Question for HPEVS: Does the HPEVS AC-51 induction motor have some upper limit of torque that it can output (or amps that it can take)?

(For instance is it heat limited like a series DC motor or is it limited in some other manner that would prevent it from dishing out 1,400 amps worth of torque?)


----------



## dcb (Dec 5, 2009)

this is a dc controller, and looking like a decent one at that, I'm reasonably sure it would be happy with much less than 350v, since it is running on 24v here.


----------



## akseminole (Jan 5, 2014)

MPaulHolmes said:


> "The nice thing about this controller is, you can just unplug the DC board and plug in the AC board and use an AC motor."
> 
> The power sections for DC and AC are identical. Right down to the 3 "phases" that each have their own hardware overcurrent protections. In the DC case, you just hook up all the 3 phases to M+ on the motor. I made the 3 M+ leads 3 feet long so the IGBTs would current share a bit better.


This would be why I thought that he was talking about it being used as an AC motor controller.

Also, the fact that they used this controller to power a Nissan Leaf motor.

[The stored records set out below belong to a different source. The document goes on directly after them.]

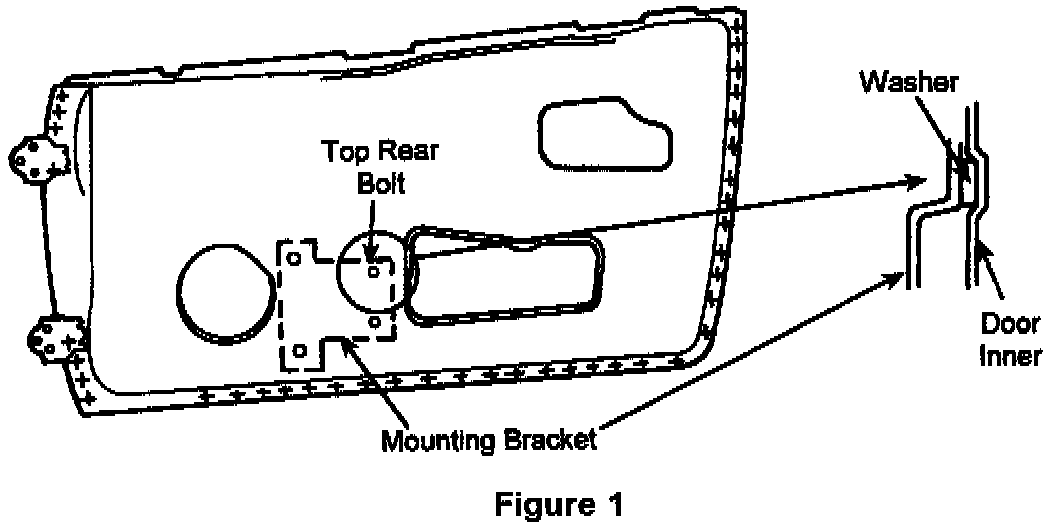 4. Insert one washer P/N MB140593 between the regulator mounting bracket and door inner panel. Center the washer over the bolt opening (Figure 1).
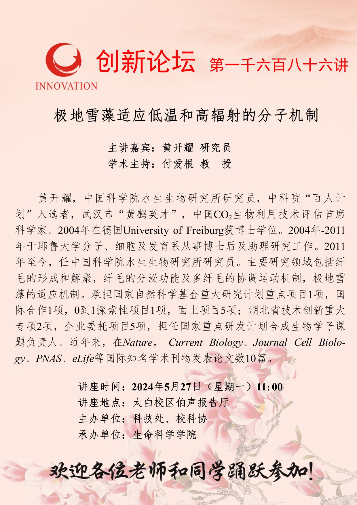 黄开耀 研究员 星空app官网创新论坛第一千六百八十六讲:极地雪藻适应低温和高辐射的分子机制 讲座时间 2024年5月27日(星期一)11:00 讲座地点 太白校区伯声报告厅 讲座人介绍 黄开耀 研究员 讲座内容
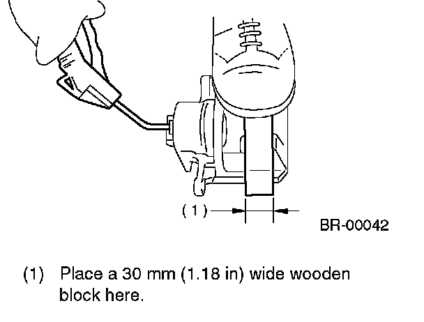 ^ Place a wooden block as shown in Figure to prevent damage to piston.
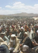 احتشد مئات الالاف من انصار الحوثيين لصلاح الجمعة في شارع المطار تنفيذ لدعوة زعيم الحوثيين السيد عبد الملك الحوثي واعلن عقب الصلاة عن اولى الخطوات التصعيدية للمرحلة الثانية والتي تتمثل في نصب خي...
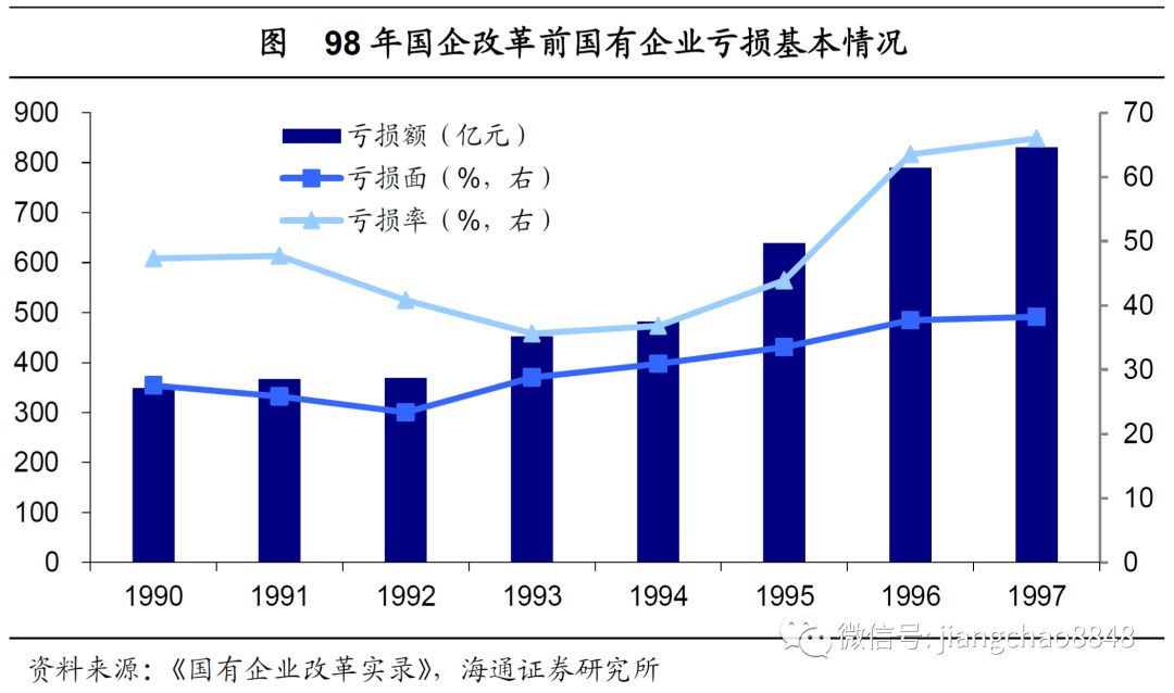 这一时期,国有企业面临的问题本质上是工业企业面临的问题,通过改革,工业企业、国有企业以退为进,以破产兼并、人员分流,换来了产能出清、扭亏为盈,以规模的收缩换来了盈利的改善。
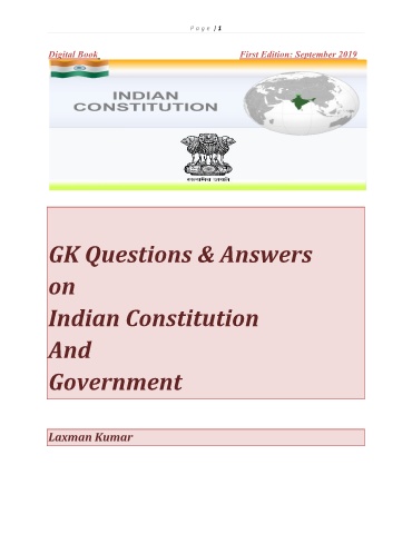 P a g e | 1 Digital Book First Edition: September 2019 GK Questions & Answers on Indian Constitution And Government Laxman Kumar
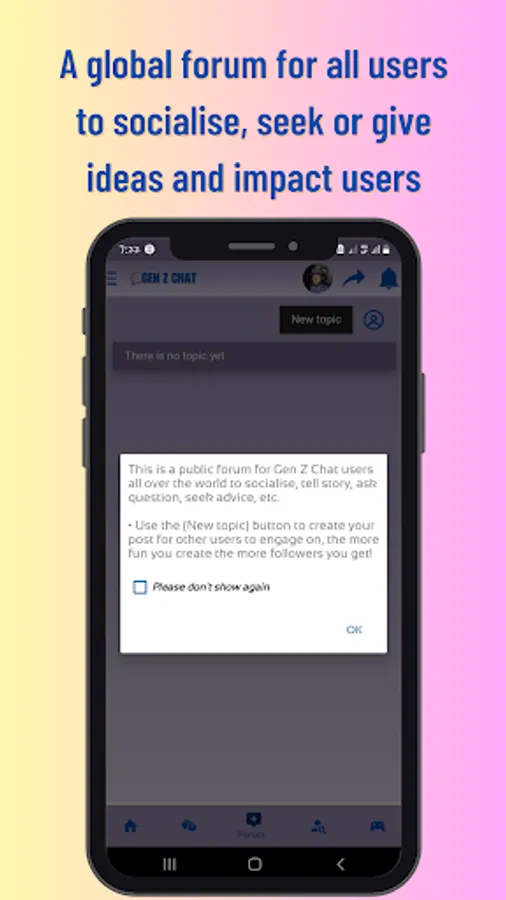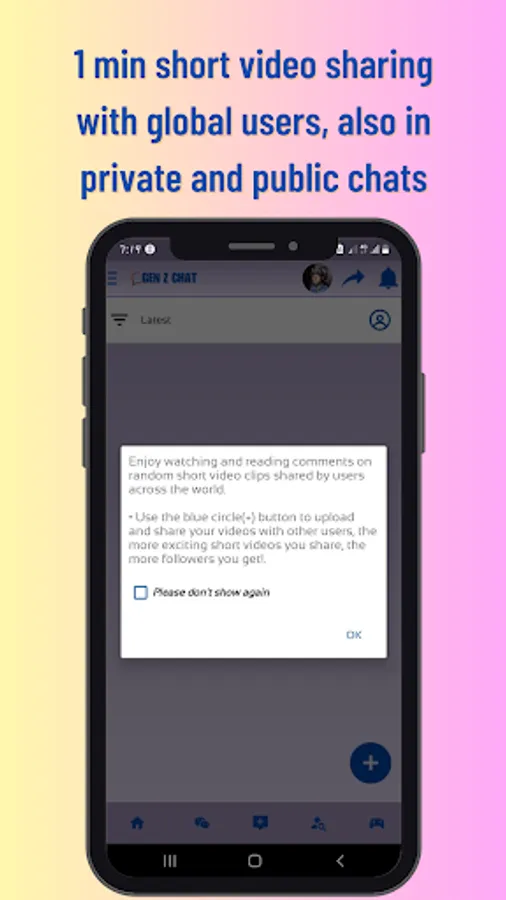 Gen Z Chat enables you to chat privately or publicly, create and share short videos, make new friends, play games, hang out online and much more with people from different parts of the world.

Unless I am wrong, I think the Leaf motor is AC?


----------



## dcb (Dec 5, 2009)

paul has a few controllers  but he is using a 6 pack igbt here I guess, which would allow either control board to plug into the power section (3 dual igbts make a fine DC power section as well, just tie all the phase "leads" together and control it appropriately)


----------



## akseminole (Jan 5, 2014)

I am aware that he has several controllers going, I am curious whether his AC controller would be compatible with the HPEVS motors, as I asked?


----------



## MPaulHolmes (Feb 23, 2008)

As long as it's 3 phase (induction or permanent magnet or ipm) it would be fine. For induction, you would have to run 2 tests, but they are easy. First, you would type the command (from a serial connection on a computer):
run-pi-test

Then sit there for like 30 seconds or something and then after that, you type:
run-rotor-test

run-rotor-test finds the best rotor time constant for your motor. Then you drive away. hurray! haha.


----------



## dcb (Dec 5, 2009)

I'm sure it can (you make your own power section, so make it as big as you need, though it won't be 1400 amps anymore in this example, maybe 600 for a little bit), but then the question is where do you get an AC51 that doesn't come with a controller?


----------



## MPaulHolmes (Feb 23, 2008)

Also those motors are low voltage, so you may be better off with a mosfet based controller.


----------



## dcb (Dec 5, 2009)

Hey Paul (love the new sig BTW), what part number are the igbt's here (guessing something like 3x CM600DU), and what ac rms rating would you give this same power section?


----------



## akseminole (Jan 5, 2014)

DCB, Electriccarpartscompany will sell a motor sans controller, I've looked into it.


----------



## MPaulHolmes (Feb 23, 2008)

I was using these:
http://theelectrostore.com/shopsite_sc/store/html/cm600dy-12nf-powerex-new.html

thingstodo over at ecomodder recently did a test with his DC and AC controller fighting each other, and got the hardware phase overcurrent to trip. That was set to 600amp peak. His current meter only said around 350ampRMS on the phase (close to 500amp peak), so my guess is maybe the phase inductance reduced and maybe saturated a tiny bit, making the current spike just a little bit? According to the Id and Iq current feedback, Id and Iq were tracking throttle very well the whole time. Although, all it takes is a single spurious current spike lasting more than a couple microseconds for the hardware overcurrent to latch all 6 IGBTs off. He got some video, but is working on editing it.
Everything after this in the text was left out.